Yes you can get a simple toggle switch type MMS (Manual Motor Starter) that can go into a cast 'FS" style box and have a NEMA 4 operator. Something like this:


----------



## Southeast Power (Jan 18, 2009)

Little-Lectric said:


> I have a customer that wants me wire a split phase motor mounted on a trailer. Here’s what he’s got. He has a trailer made for a portable smoker/cooker. The burn box is on the back of the trailer, then the smoker tank. On the side of the trailer beside the tank he has a box that will be covered. In the box is where he is going to mount the motor, which is a split phase gear motor. The gear motor is to turn a rotisserie. Above this box, he is going to attach a mounting plate for a switch for the motor. Also out of the end of the box he wants a pigtail so that the smoker can be connected to a 120V source.
> 
> I am going to have to use a manual motor starter with heater/overload since the motor doesn’t have the protection internally. My concern (at least one) is where the switch will be. It will be right beside the smoker tank. It won’t be connected to it, but maybe 6” from it.
> Do they make an outdoor rated starter that would also be rated for high ambient temperature that might occur from the tank being so close.
> ...


You can mount the starter on an insulated heat shield. I would put the starter in a NEMA 4X enclosure


----------



## A Little Short (Nov 11, 2010)

JRaef said:


> If it's too hot for the switch, it's going to be too hot for portable cord my friend. You need to rethink the locations or the connection methods, you can't have it both ways.
> 
> Yes you can get a simple toggle switch type MMS (Manual Motor Starter) that can go into a cast 'FS" style box and have a NEMA 4 operator. Something like this:


This isn't my design. The guy already has it layed out where he wants it. I told him I would look into it and get back to him. That's why I posted it here to get ideas as I have never done in outside control work.
I still will need O/L protection in the starter won't I? He said the motor would probably get turned on and left unattended for a while.

Edit: (in red above) the pigtail will be lower than the switch and off to the right.


----------



## A Little Short (Nov 11, 2010)

jrannis said:


> You can mount the starter on an insulated heat shield. I would put the starter in a NEMA 4X enclosure


What would you use to sleeve the pigtail that plugs in? Also, would PVC work from the box up to the switch?


----------



## nolabama (Oct 3, 2007)

Good bbq is no more than 250ish farenhiett. Just cause its his design dont mean it will work out how he wants it.

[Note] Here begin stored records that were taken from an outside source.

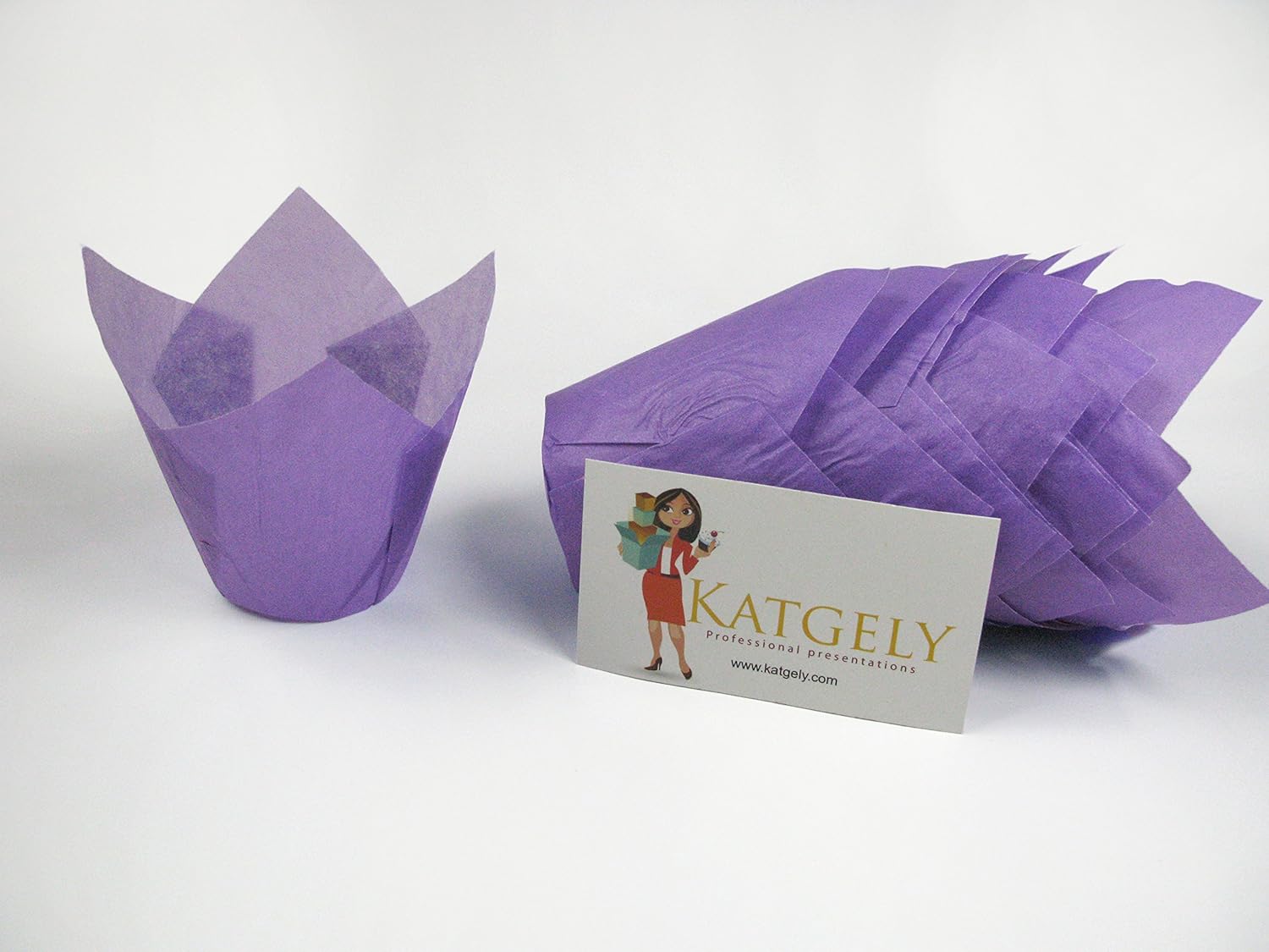 • The Katgely Purple Tulip Cupcake Liners Medium Height 2.5 to 3.5 Inches Tall (Pack of 200) is a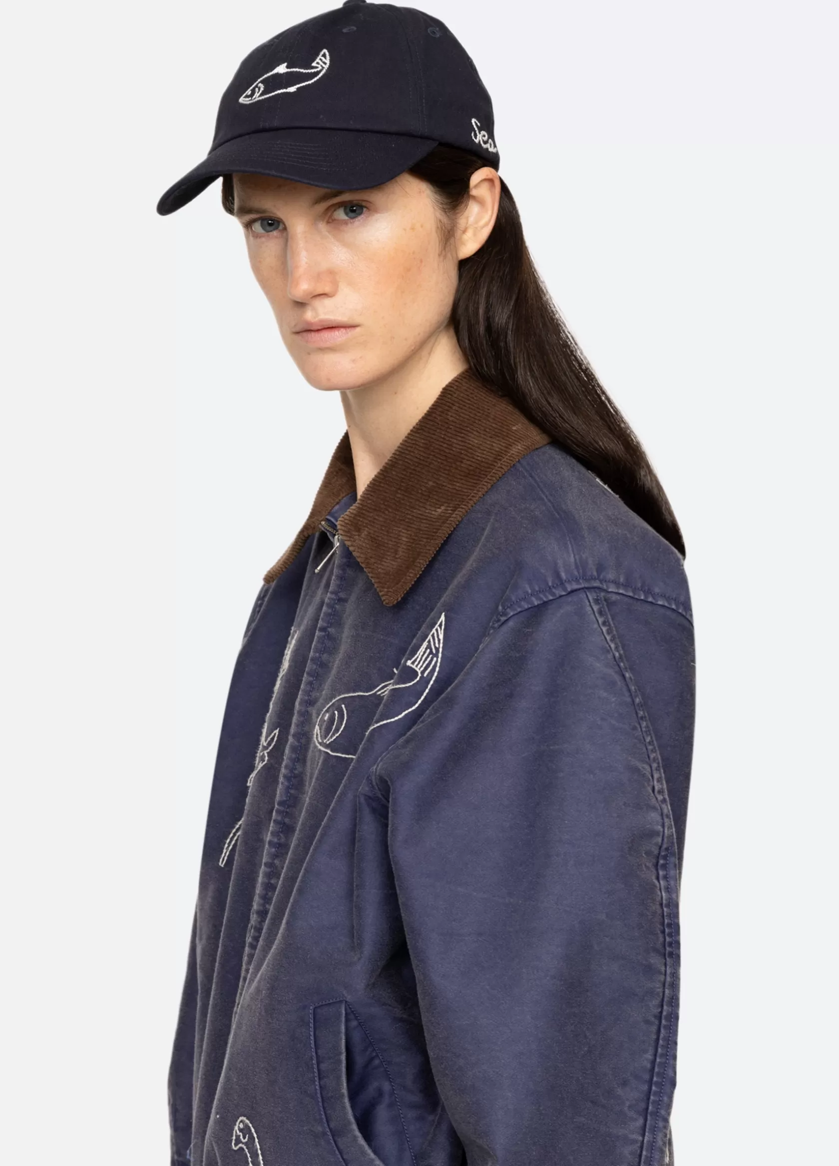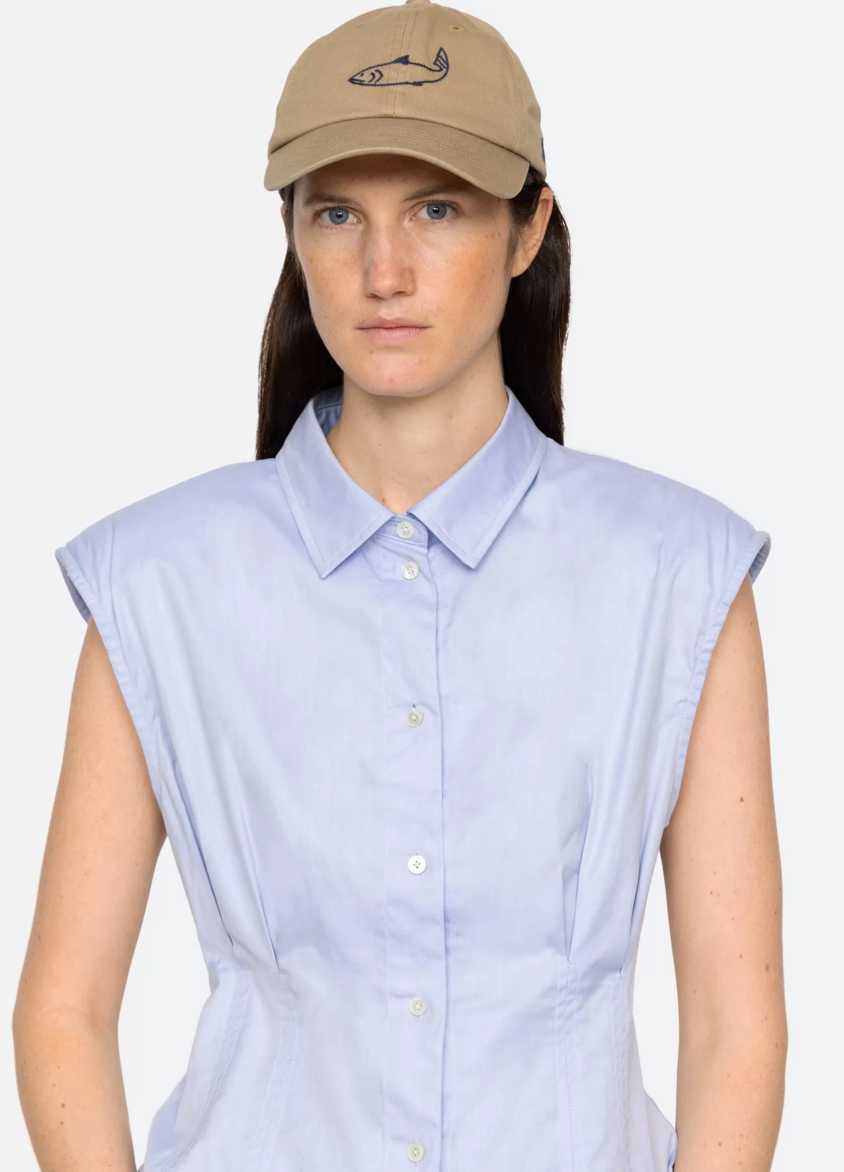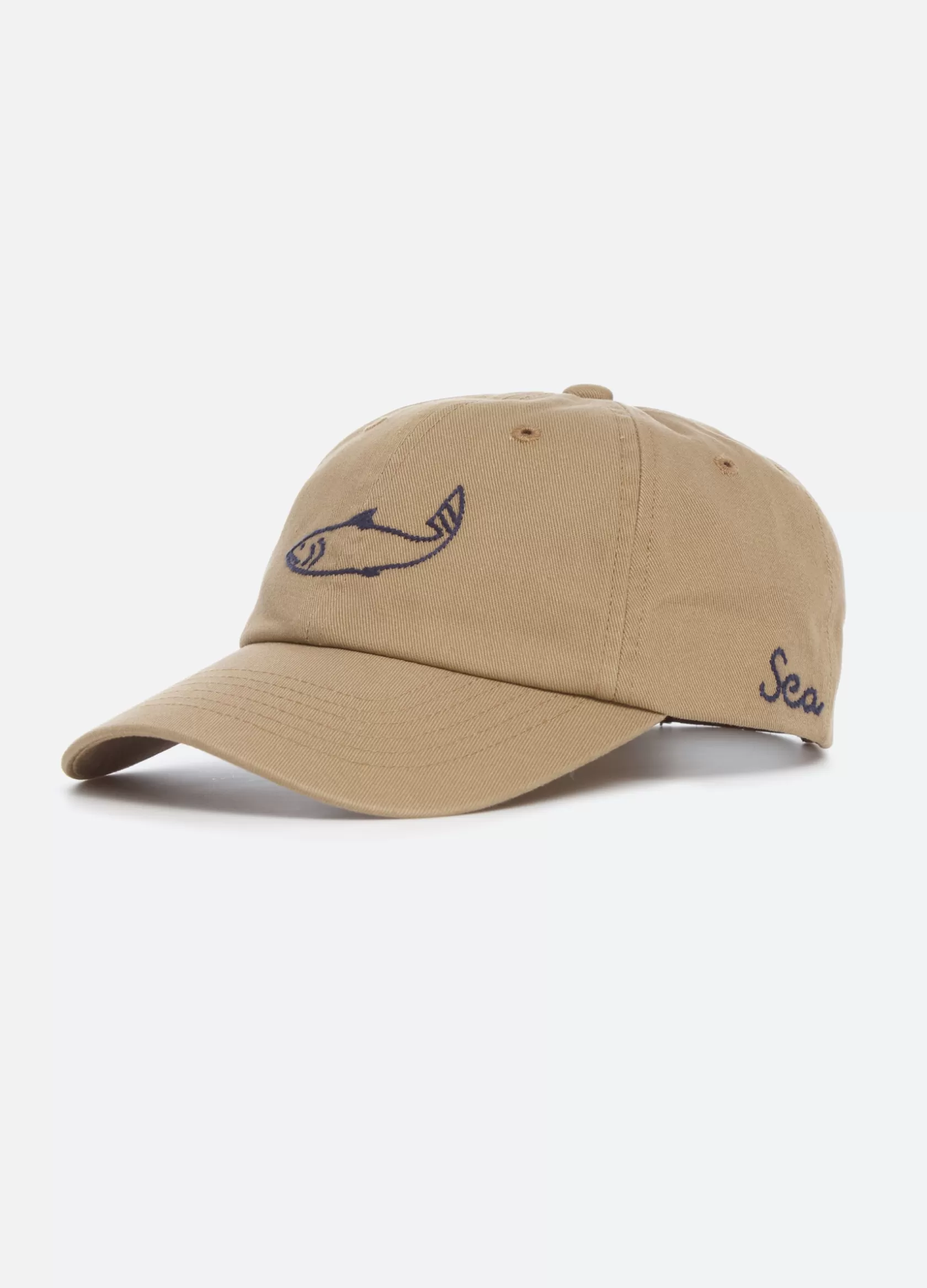 The Demi french wear cap features an embroidered fish.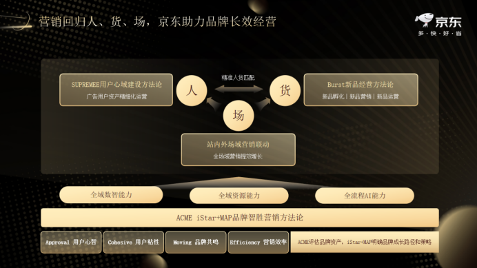整个人货场策略的实现,是基于京东过去在非常长的一个周期内,对数据分析能力的不断钻研和下探、全资源整合能力的提升、以及借助AI能力实现智能投放与智能驾驶。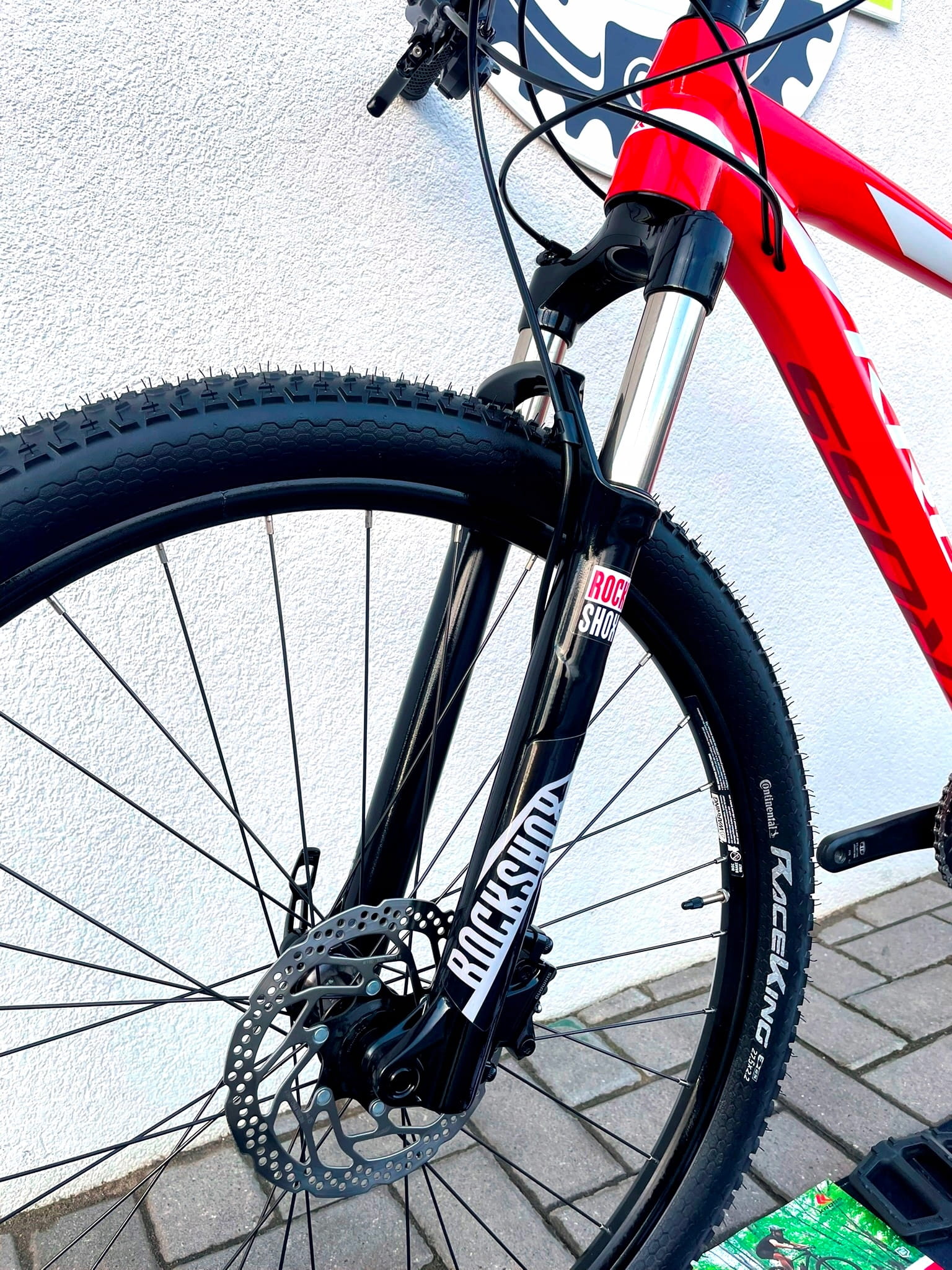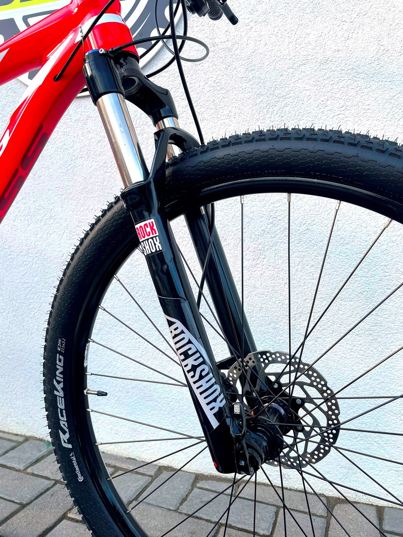 Rower posiada sztywne osie i hamulce w standardzie post mount – za hamowanie odpowiadają hydrauliczne tarczówki Shimano BR-MT500. Koła 27,5 cala na obręczach WTB, przystosowane do systemu tubeless, w połączeniu z oponami Continental RaceKing 27,5x2,2” zapewniają pewną przyczepność i komfort w terenie.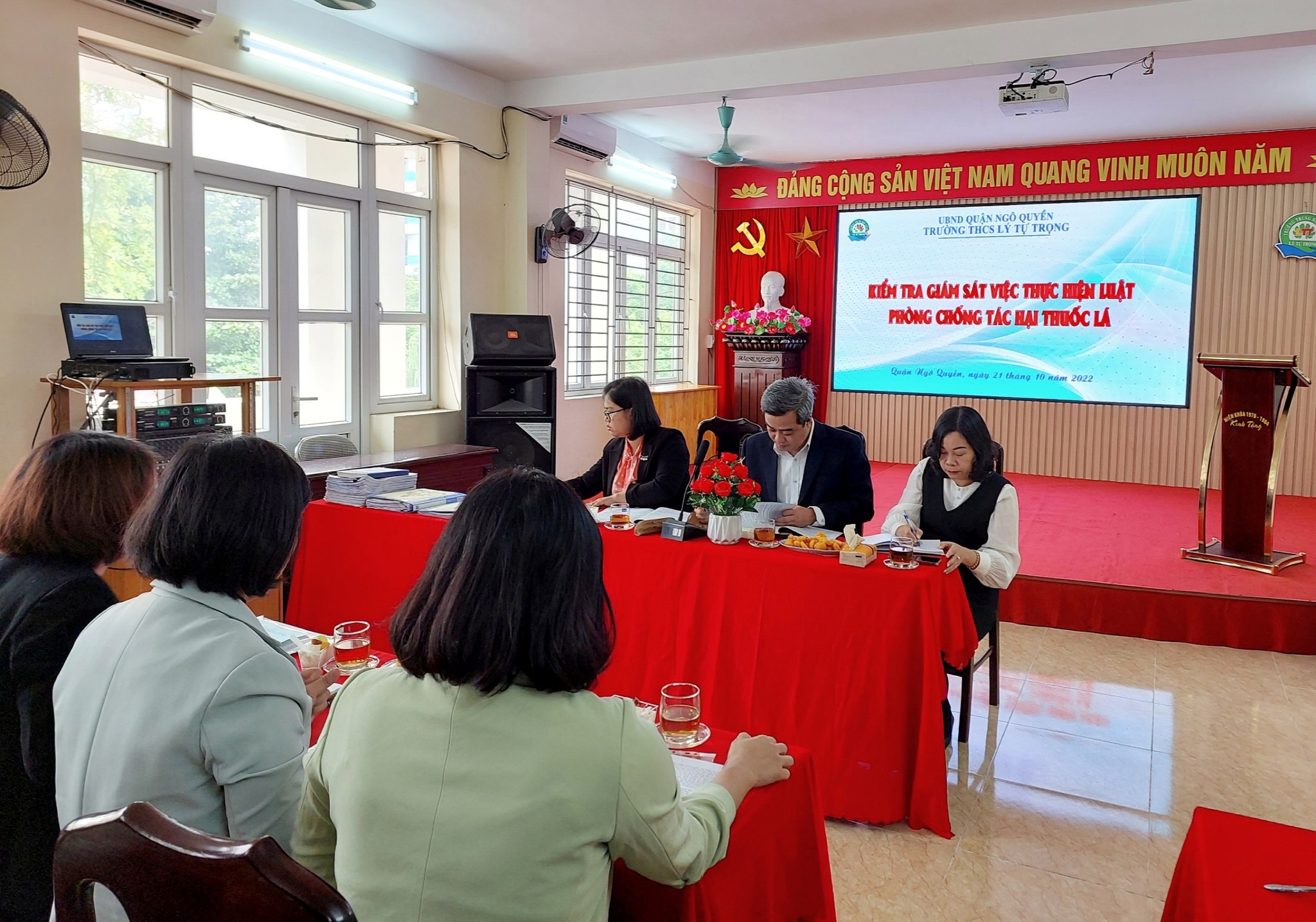 Thực hiện Công văn số 3159//SGDĐT-GDTrH ngày 17 tháng 10 năm 2022 của Sở Giáo dục và Đào tạo (GD&ĐT) thành phố Hải Phòng về việc kiểm tra, giám sát việc thực hiện Luật phòng, chống tác hại thuốc lá; sáng ngày 21/10/2022, tại trường THCS Lý Tự Trọng, Đoàn kiểm tra, giám sát việc thực hiện Luật PC tác hại thuốc lá của Bộ Giáo dục, Sở GD-ĐT Hải Phòng đã có buổi làm việc tại đơn vị.

Mount the equipment closest to the trailer hitch area and use a conduit to the motor.


----------



## JRaef (Mar 23, 2009)

Little-Lectric said:


> ...I still will need O/L protection in the starter won't I? He said the motor would probably get turned on and left unattended for a while.


It's a bit hard to see in that picture, but this is a Manual Motor Starter, there will be a heater element on the side there. All you can see in that photo is a post, but the heater element would go over it. That;s all you need for a 120V motor (assuming it doesn't have internal thermal protection as you indicated).


----------